Note: You must not provide a value_content block when you specify csv format for the key_content block. Similarly, you must not provide a key_content block when you specify csv format for a value_content block.
- columns:
- A set of column name/type mappings. The value
[] specifies all columns.
- name: column_name
- The name of a key or value column. column_name must match the column name of the target Greenplum Database table.
- type: column_data_type
- The data type of the column. You must specify an equivalent data type for each Kafka message data element and the associated Greenplum Database table column.
- custom
- When you specify the custom data format,
GPSS uses the custom formatter that you specify to process
the input data before writing it to Greenplum Database.
- columns:
- A set of column name/type mappings. The value
[] specifies all columns.
- name: column_name
- The name of a key or value column. column_name must match the column name of the target Greenplum Database table.
- type: column_data_type
- The data type of the column. You must specify an equivalent data type for each Kafka message data element and the associated Greenplum Database table column.
- name: formatter_name
- When you specify the custom data format, formatter_name is required and must identify the name of the formatter user-defined function that GPSS should use when loading the data.
- options:
- A set of function argument name=value pairs.
- optname=optvalue
- The name and value of the set of arguments to pass into the formatter_name UDF.
- delimited
- When you specify the delimited data format,
GPSS reads the data into the list of columns that you specify.
You must specify the data delimiter.
- columns:
- A set of column name/type mappings. The value
[] specifies all columns.
- name: column_name
- The name of a key or value column. column_name must match the column name of the target Greenplum Database table.
- type: column_data_type
- The data type of the column. You must specify an equivalent data type for each Kafka message data element and the associated Greenplum Database table column.
- delimiter: delimiter_string
- Optional. When you specify the delimited data format, delimiter_string is required and must identify the Kafka message data element delimiter. delimiter_string may be a multi-byte value, and up to 32 bytes in length. It may not contain quote and escape characters.
- json
- When you specify the json data format, GPSS reads the data into a single json- or jsonb-type column of which you choose the name.
- meta:
- The data type and field name of the Kafka meta data.

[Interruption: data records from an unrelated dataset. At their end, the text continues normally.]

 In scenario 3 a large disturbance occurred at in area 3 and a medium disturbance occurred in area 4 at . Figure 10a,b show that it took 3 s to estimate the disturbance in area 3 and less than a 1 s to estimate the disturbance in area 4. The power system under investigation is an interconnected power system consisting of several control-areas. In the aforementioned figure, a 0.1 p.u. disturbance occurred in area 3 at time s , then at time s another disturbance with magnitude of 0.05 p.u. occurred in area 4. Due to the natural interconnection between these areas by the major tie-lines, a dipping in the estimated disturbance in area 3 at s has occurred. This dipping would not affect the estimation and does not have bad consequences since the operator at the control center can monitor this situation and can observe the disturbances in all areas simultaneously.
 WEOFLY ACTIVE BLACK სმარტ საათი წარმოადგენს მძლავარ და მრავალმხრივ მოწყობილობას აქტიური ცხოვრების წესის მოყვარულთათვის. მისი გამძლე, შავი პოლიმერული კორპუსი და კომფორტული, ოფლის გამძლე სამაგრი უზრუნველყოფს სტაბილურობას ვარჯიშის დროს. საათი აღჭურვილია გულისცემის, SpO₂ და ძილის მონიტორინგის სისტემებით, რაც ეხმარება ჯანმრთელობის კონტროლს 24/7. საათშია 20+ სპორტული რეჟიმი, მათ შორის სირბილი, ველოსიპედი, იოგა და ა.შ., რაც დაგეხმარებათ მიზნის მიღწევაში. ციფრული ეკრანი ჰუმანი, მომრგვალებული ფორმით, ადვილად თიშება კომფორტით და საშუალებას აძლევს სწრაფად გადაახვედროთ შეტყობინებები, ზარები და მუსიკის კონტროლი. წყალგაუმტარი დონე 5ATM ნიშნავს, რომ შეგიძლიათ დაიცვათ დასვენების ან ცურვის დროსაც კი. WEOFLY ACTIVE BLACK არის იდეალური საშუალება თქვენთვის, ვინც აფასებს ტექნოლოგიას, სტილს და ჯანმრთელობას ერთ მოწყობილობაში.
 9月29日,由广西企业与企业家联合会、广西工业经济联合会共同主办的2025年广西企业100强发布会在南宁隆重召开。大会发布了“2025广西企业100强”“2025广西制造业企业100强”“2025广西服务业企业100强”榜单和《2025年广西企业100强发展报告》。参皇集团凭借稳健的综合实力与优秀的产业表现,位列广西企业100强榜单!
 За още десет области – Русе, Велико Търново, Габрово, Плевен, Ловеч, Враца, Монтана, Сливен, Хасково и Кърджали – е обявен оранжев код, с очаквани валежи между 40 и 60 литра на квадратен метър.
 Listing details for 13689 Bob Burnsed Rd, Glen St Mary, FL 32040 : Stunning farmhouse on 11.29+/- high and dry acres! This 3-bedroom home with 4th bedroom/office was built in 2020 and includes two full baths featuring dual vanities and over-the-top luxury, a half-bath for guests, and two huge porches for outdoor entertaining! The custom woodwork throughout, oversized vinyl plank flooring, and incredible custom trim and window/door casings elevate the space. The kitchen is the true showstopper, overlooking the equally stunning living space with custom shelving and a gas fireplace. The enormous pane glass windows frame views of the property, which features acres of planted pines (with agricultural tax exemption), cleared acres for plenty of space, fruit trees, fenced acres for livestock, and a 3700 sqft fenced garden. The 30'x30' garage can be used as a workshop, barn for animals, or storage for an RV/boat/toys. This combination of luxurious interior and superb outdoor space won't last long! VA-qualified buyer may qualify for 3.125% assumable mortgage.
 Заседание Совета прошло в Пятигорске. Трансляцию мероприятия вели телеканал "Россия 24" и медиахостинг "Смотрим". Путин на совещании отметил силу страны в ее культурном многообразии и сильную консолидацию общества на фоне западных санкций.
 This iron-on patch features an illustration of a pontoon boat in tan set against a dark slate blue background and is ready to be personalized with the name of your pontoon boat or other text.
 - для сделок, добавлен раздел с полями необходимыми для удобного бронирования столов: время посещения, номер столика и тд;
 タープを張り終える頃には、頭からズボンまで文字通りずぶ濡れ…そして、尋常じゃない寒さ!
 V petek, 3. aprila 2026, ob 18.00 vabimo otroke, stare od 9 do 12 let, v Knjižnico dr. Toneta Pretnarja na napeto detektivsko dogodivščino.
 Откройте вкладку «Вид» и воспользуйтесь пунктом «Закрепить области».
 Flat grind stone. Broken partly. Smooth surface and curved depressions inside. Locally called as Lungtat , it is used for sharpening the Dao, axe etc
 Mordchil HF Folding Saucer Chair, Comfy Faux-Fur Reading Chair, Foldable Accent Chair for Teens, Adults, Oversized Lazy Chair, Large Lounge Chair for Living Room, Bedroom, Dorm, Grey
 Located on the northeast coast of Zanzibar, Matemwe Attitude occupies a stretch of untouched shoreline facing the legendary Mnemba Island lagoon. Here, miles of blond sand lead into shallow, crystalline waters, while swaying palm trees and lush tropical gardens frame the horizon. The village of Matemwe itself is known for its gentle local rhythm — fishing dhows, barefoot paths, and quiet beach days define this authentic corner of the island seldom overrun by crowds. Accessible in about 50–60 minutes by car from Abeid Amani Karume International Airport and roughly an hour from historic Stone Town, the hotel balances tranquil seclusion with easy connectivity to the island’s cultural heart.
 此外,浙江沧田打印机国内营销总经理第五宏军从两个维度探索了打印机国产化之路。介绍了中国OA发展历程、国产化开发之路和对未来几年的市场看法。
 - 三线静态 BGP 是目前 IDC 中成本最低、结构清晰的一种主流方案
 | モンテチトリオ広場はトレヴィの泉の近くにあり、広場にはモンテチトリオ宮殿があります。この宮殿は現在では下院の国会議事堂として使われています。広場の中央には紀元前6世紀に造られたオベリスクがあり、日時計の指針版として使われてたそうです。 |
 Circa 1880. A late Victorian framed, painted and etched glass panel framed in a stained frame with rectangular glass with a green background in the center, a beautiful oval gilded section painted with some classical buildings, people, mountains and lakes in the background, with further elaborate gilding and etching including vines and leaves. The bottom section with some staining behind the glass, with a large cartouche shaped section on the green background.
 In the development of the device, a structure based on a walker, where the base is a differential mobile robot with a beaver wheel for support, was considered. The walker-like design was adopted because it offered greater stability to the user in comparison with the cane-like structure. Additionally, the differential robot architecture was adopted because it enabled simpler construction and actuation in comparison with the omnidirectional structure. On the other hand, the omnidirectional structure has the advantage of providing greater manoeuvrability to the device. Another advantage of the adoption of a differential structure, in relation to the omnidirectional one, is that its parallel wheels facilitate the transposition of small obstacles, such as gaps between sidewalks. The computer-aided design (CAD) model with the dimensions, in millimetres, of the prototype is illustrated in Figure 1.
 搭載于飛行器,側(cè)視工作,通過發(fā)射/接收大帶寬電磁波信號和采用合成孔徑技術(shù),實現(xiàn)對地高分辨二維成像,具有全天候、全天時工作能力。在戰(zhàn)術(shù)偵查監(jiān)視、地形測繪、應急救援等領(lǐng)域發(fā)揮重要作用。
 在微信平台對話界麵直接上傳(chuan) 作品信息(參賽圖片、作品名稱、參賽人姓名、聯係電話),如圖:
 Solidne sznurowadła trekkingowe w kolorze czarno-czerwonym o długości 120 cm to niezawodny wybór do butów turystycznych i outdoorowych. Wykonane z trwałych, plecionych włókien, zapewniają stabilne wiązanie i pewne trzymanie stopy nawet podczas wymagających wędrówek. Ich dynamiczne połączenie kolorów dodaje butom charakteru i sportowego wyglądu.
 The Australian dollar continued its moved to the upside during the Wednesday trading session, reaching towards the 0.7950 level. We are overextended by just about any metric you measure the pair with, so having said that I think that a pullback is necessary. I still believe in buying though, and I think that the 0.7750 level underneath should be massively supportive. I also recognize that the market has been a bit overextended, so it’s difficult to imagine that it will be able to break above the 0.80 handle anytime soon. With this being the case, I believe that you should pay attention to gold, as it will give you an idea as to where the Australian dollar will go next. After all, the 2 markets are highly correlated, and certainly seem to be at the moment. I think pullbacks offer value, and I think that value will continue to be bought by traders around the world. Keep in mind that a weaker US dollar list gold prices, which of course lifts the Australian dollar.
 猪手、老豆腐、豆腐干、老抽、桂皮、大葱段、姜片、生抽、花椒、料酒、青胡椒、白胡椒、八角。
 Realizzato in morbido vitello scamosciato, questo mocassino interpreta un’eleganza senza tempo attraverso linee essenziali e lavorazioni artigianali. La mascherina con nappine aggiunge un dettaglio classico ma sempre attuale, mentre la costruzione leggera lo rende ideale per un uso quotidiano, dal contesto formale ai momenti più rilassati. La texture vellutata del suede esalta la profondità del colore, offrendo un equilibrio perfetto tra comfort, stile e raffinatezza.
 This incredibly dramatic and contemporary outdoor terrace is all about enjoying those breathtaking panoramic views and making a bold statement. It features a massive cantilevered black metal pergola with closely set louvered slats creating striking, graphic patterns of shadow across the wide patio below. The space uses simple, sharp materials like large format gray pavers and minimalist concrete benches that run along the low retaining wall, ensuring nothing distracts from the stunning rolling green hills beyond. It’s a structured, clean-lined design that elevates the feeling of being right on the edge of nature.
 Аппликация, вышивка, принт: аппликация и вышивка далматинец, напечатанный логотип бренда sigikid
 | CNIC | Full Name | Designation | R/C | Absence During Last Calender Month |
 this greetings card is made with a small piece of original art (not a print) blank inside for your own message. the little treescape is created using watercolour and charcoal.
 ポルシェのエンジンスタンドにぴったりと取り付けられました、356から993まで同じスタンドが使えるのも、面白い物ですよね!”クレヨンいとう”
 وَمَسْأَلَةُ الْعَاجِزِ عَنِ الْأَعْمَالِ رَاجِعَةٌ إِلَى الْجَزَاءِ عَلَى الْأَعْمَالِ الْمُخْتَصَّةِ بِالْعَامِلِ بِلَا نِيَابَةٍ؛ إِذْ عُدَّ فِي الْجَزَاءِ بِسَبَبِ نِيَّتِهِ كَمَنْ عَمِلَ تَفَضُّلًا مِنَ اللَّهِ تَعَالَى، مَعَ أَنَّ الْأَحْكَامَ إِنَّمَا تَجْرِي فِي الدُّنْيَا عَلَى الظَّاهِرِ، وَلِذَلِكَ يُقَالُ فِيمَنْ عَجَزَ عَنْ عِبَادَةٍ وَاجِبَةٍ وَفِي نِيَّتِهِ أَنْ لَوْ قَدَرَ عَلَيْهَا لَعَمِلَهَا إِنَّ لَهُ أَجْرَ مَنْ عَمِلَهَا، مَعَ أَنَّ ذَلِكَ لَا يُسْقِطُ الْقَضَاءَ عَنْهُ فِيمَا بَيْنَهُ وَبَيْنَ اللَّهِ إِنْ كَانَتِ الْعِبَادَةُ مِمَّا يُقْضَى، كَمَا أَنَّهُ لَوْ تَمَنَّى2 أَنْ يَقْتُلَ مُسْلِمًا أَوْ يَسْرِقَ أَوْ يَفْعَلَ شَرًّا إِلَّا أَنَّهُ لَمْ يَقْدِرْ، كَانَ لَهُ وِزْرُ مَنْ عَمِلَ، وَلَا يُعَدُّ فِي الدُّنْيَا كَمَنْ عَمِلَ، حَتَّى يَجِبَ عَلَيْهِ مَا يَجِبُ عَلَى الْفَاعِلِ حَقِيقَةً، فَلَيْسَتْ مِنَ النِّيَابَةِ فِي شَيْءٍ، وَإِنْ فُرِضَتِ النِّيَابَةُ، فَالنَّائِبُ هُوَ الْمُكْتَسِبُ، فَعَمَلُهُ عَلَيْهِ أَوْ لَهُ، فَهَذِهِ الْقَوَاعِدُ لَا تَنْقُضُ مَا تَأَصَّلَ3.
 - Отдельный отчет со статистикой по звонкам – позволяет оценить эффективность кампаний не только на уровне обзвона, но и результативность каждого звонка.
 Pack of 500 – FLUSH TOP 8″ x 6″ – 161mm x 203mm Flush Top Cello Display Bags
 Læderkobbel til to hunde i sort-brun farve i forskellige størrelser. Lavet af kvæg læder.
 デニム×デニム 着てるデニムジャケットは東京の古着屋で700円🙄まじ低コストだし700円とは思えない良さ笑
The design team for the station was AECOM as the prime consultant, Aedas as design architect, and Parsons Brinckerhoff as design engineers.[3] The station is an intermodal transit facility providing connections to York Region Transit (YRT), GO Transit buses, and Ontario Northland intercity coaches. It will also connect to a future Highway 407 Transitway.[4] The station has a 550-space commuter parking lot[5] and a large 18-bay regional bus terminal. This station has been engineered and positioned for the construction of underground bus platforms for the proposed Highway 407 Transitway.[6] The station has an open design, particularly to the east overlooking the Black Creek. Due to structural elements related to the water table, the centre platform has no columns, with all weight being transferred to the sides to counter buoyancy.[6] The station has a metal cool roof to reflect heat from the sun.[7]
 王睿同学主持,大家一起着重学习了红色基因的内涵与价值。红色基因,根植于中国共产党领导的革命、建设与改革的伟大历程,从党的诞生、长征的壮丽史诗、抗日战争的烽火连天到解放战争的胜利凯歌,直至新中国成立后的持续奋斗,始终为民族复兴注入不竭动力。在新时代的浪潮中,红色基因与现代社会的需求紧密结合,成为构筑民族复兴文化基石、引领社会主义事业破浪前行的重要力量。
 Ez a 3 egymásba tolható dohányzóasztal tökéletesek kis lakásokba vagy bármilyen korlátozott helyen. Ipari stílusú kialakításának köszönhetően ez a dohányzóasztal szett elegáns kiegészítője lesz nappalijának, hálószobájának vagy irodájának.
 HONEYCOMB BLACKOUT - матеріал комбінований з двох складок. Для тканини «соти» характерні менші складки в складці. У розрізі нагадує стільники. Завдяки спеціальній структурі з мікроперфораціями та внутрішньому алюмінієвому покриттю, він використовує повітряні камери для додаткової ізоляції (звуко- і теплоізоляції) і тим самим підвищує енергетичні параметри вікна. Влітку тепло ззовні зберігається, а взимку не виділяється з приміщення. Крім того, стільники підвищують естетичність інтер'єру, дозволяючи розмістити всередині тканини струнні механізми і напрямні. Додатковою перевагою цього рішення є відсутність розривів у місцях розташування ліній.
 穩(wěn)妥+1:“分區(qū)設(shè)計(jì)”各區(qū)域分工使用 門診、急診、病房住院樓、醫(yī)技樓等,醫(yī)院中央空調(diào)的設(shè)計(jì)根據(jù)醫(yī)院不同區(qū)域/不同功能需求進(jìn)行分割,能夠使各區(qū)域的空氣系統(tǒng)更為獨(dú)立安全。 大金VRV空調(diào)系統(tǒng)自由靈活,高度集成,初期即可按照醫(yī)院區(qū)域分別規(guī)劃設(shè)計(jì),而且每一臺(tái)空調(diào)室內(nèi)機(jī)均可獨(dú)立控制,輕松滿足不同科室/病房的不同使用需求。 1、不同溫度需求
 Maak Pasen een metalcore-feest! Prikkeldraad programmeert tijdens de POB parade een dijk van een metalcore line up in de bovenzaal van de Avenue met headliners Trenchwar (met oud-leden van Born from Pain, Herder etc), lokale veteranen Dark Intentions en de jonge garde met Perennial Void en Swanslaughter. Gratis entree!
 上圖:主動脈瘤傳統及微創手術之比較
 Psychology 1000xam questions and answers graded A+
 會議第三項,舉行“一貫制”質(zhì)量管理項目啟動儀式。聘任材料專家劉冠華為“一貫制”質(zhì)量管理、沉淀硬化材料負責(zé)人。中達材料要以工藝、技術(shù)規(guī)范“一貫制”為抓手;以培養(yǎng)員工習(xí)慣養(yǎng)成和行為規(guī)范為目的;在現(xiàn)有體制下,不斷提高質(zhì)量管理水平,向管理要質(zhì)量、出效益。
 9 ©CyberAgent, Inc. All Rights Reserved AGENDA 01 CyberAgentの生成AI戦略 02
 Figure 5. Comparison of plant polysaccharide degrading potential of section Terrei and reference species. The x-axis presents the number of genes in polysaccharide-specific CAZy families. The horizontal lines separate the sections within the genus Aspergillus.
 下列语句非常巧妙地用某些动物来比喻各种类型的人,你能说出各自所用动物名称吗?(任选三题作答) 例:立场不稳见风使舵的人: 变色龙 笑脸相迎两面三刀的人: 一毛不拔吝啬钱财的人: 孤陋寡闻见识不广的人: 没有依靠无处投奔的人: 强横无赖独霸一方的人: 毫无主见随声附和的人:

meta: must specify the json
or jsonb (Greenplum 6 only) data format,
and a single json-type column. The available
Kafka meta data properties include:
- topic (text) - the Kafka topic name
- partition (int) - the partition number
- offset (bigint) - the record location within the partition
- rdkafka_prop:
- Kafka consumer configuration property names and values.
- kafka_property_name
- The name of a Kafka property.
- kafka_property_value
- The Kafka property value.
- mode:
- The table load mode; insert,
merge, or update. The default mode is
insert.Note: update and merge are not supported if the target table column name is a reserved keyword, has capital letters, or includes any character that requires quotes (" ") to identify the column.
- insert:
- Inserts source data into Greenplum.
- update:
- Updates the target table columns that are listed in update_columns when the input columns identified in match_columns match the named target table columns and the optional update_condition is true.
- merge:
- Inserts new rows and updates existing rows when:
- columns are listed in update_columns,
- the match_columns target table column values are equal to the input data, and
- an optional update_condition is specified and met.
- the match_columns target table column values are equal to the input data, and
- an optional delete_condition is specified and met.
- mode_property_name: value
- The name to value mapping for a mode property. Each
mode supports one or more of the following
properties as specified in the Synopsis.
- filter_expression: filter_string
- The filter to apply to the input data before GPSS loads the data into Greenplum Database. If the filter evaluates to true, GPSS loads the message. If the filter evaluates to false, the message is dropped. filter_string must be a valid SQL conditional expression and may reference one or more source value, key, or meta column names.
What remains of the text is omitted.